Try it —
Starting at the line with "Нашите модулни мебели" and stopping at the final line, retype the data below exactly; do not carry over any pictures.

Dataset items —
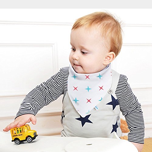 BabyIn BabyDewバンダナビブ、ユニセックス6パック3層柔らかい竹コットン、赤ちゃんのためのスナップ防水フリースよだれかけよだれ、歯が生えると摂食
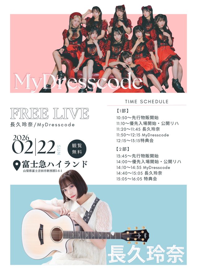 2026/2/22(日)に開催いたします、FREE LIVE 出演についての詳細をお知らせいたします。
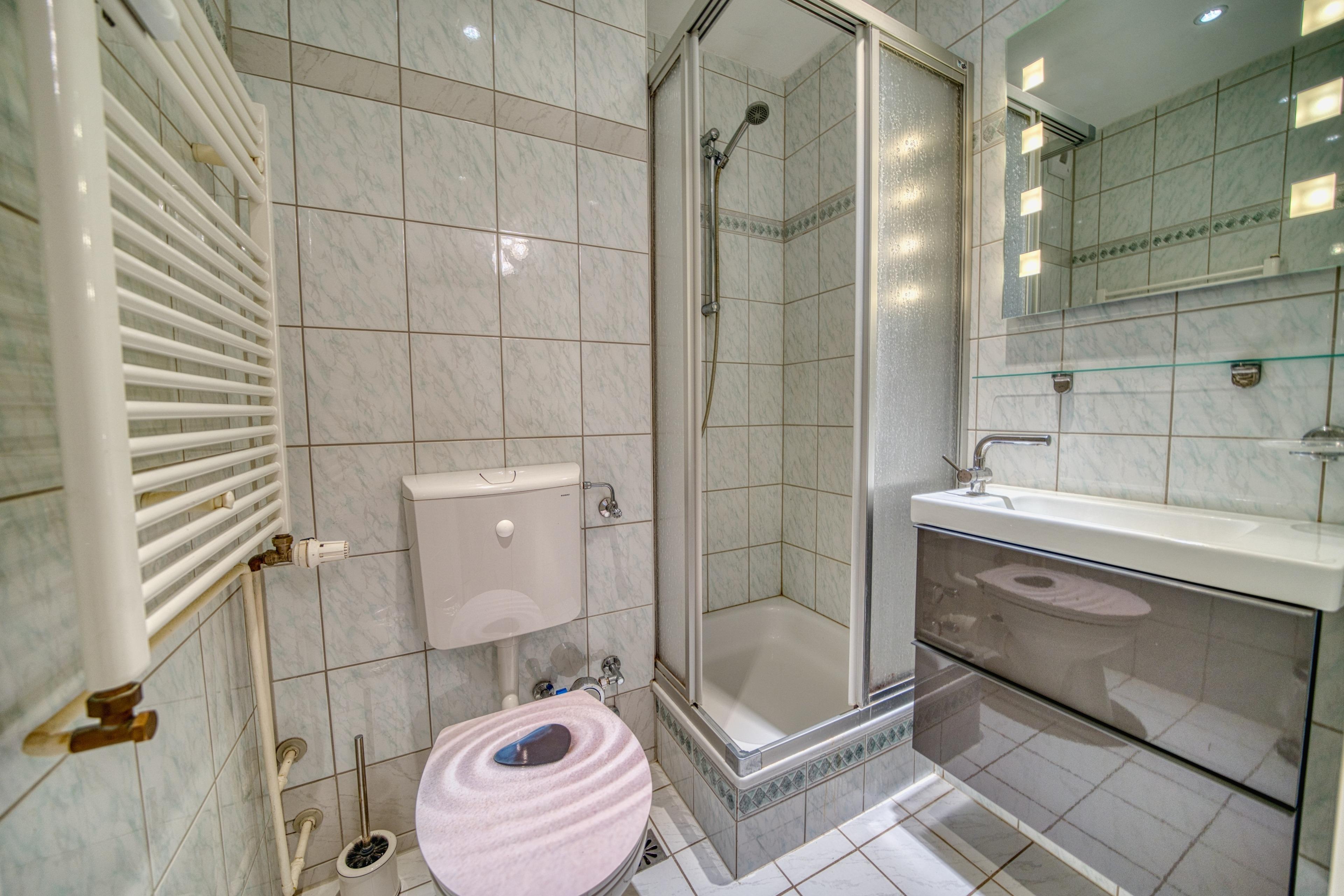modernes Badezimmer mit Dusche, WC und Waschbecken
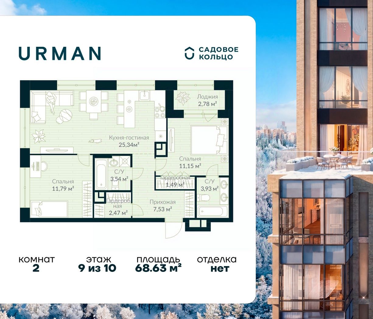 Продается квартира в ЖК Urman City с 2 спальнями на 9 этаже 10 этажного дома. Общая площадь: 68.63 кв.м. Высота потолков 3.4 м. Срок сдачи 2 квартал 2026 г. Окна выходят на 2 стороны. Вид во двор. Мастер-спальня. Эскроу-счет. Застройщик ГК "Садовое кольцо".
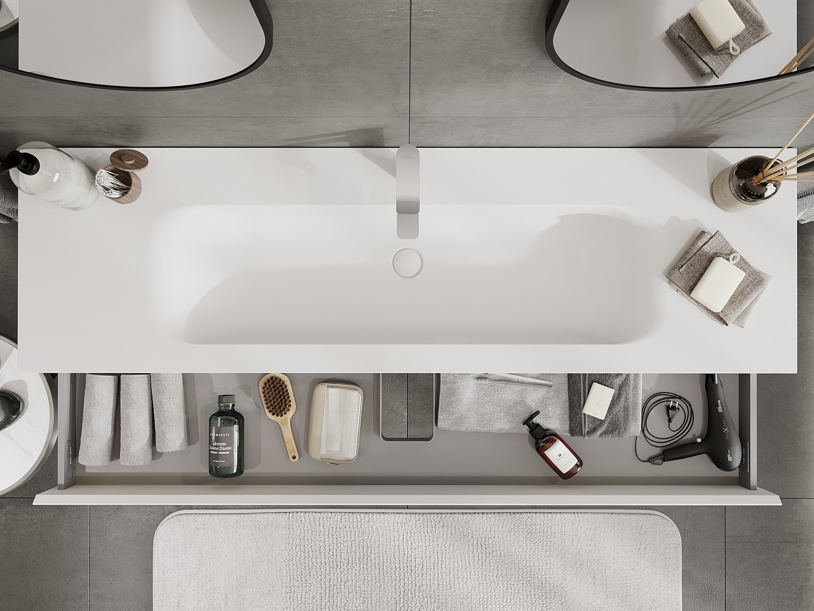 Нашите модулни мебели за баня могат да се комбинират в различни цветови конфигурации, което позволява пълна персонализация. Може да се избере както външният вид, така и функциите на отделните елементи, което позволява съчетаване на мебелите със собствените стилови и функционални предпочитания.
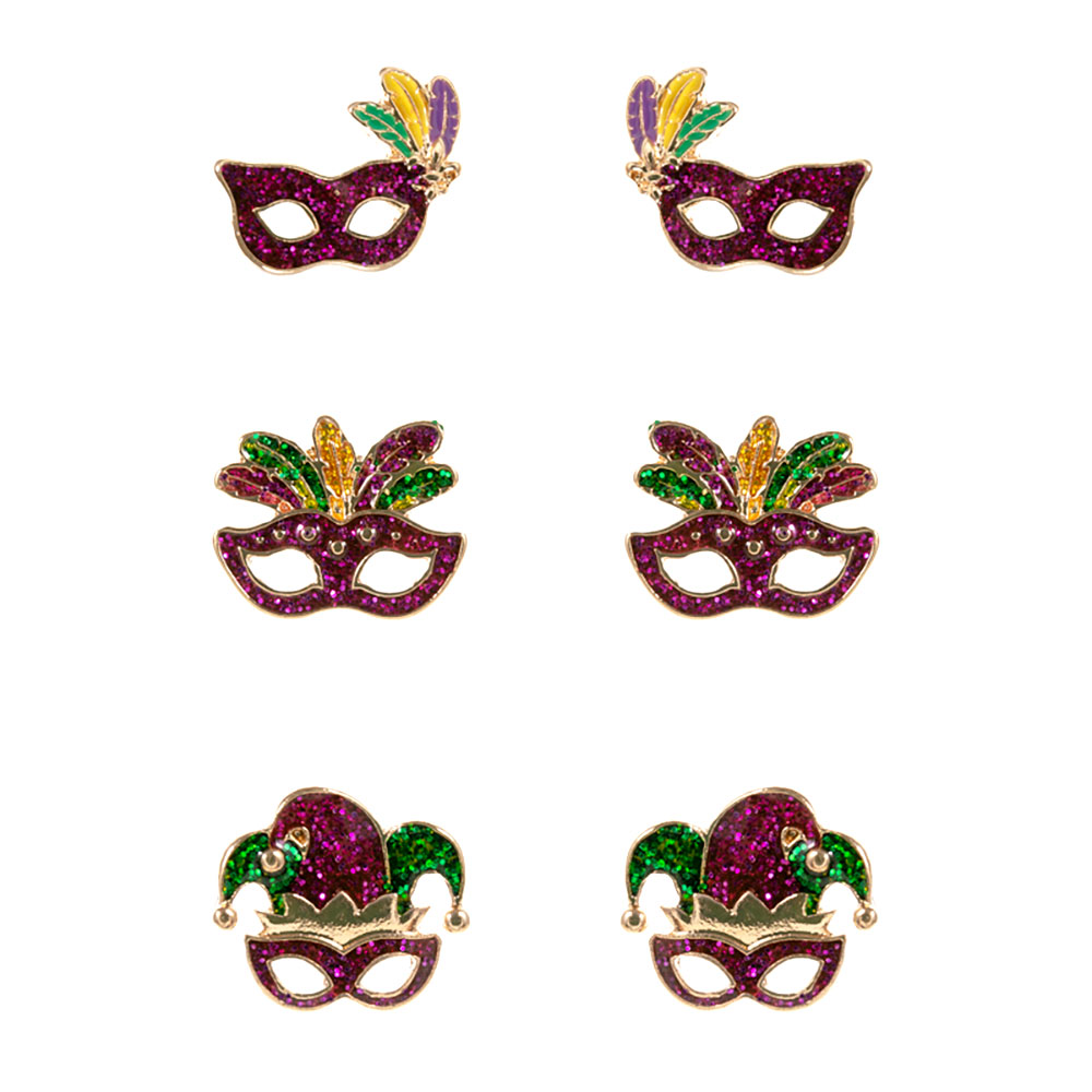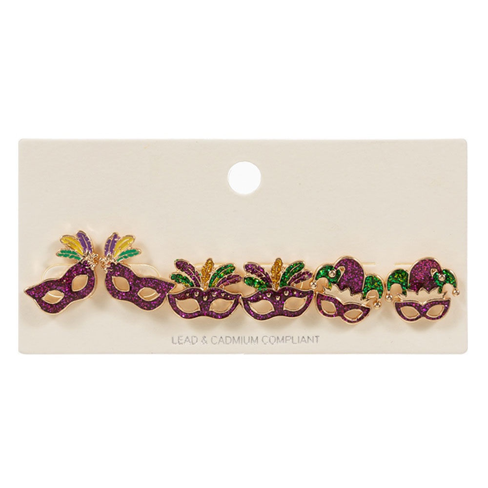 Details • Size : 0.5" L • Titanium Post Back • Bring festive flair to your look with this Mardi Gras Mask Earring Set. Featuring three glittery mask designs inspired by carnival celebration, these sparkling studs are perfect for parties, parades, or themed events, adding a touch of joyful elegance to any outfit. • Hypoallergenic • Lead and Nickel Compliant

Exercise result —
 Нашите модулни мебели за баня могат да се комбинират в различни цветови конфигурации, което позволява пълна персонализация. Може да се избере както външният вид, така и функциите на отделните елементи, което позволява съчетаване на мебелите със собствените стилови и функционални предпочитания.
 Details • Size : 0.5" L • Titanium Post Back • Bring festive flair to your look with this Mardi Gras Mask Earring Set. Featuring three glittery mask designs inspired by carnival celebration, these sparkling studs are perfect for parties, parades, or themed events, adding a touch of joyful elegance to any outfit. • Hypoallergenic • Lead and Nickel Compliant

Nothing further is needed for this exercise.